The EU has threatened to slap  sanctions on Thailand’s fishing industry if it doesn’t clean up its act, but one leading expert said the timeframe is too short to make any real changes.

The EU last week threatened to ban imports of seafood caught in Thai waters, as the world’s 3rd largest seafood exporter catches much of its fish illegally, using unregistered boats in an industry that offers little transparency about where the seafood comes from.

The EU, which buys vast quantities of Thai seafood, has given Thailand’s military government six months to comply, but that’s a tall order and will require much bureaucratic maneuvering to register fishing vessels, and implement compliance measures.

Politically and economically the Thai government will attempt to comply but the timeframe is perhaps too short for it to satisfactorily clean up the industry before sanctions are imposed, Robert Dayley, author of the book “Southeast Asia in the New International Era,” told Borderless News.

Thailand was warned in 2011 but has done little to address illegal fishing practices, being distracted by all the ongoing political instability affecting actual governance.

Now some Thai officials have mentioned using dictatorial powers under Article 44 of the post-coup constitution – which concentrates the judicial, legislative and executive powers into the hands of the military junta – to somehow miraculously  manage the Thai fishing fleet by decree.

But the pervasiveness of illegal fishing, decades of lax enforcement, and underdeveloped systems to properly register and regulate catches is more important to the result than wielding dictatorial powers, Dayley said.

There is no question though that the EU threat is producing a major incentive on Thai authorities to come into compliance. South Korea faced a similar EU threat and made changes to avoid full sanctions.
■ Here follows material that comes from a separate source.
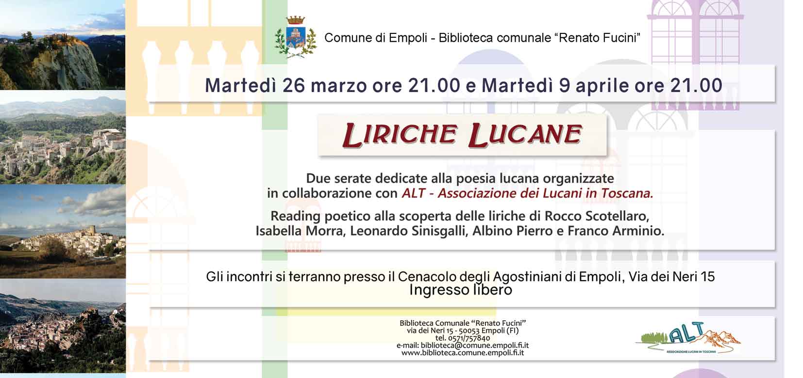 La Biblioteca comunale “Renato Fucini” di Empoli organizza in collaborazione con ALT - Associazione dei Lucani in Toscana due serate dedicate ai poeti lucani d’origine o d’adozione. Saranno reading poetici alla scoperta delle liriche di Rocco Scotellaro, Isabella Morra, Leonardo Sinisgalli, Albino Pierro, e Franco Arminio.

The capacity of the Thai government rarely matches that of South Korea’s so it remains to be seen if Thailand’s ruling junta will prove able to stave off sanctions, he said.

Dayley noted the particular standards set by the EU in 2010 relate only to the environmental consequences of illegal fishing.

“The EU is demonstrating that a large demand market can force changes on suppliers to adopt greener practices. They are telling Asian fish exporters that European consumers demand to know the source of their fish and expect it to be legally caught and properly monitored,” he said.

The environmental aims are bringing needed attention to the human rights issues and proving to be a positive spillover in terms of cleaning up many reprehensible labor practices in Thailand’s fishing industry, he contended.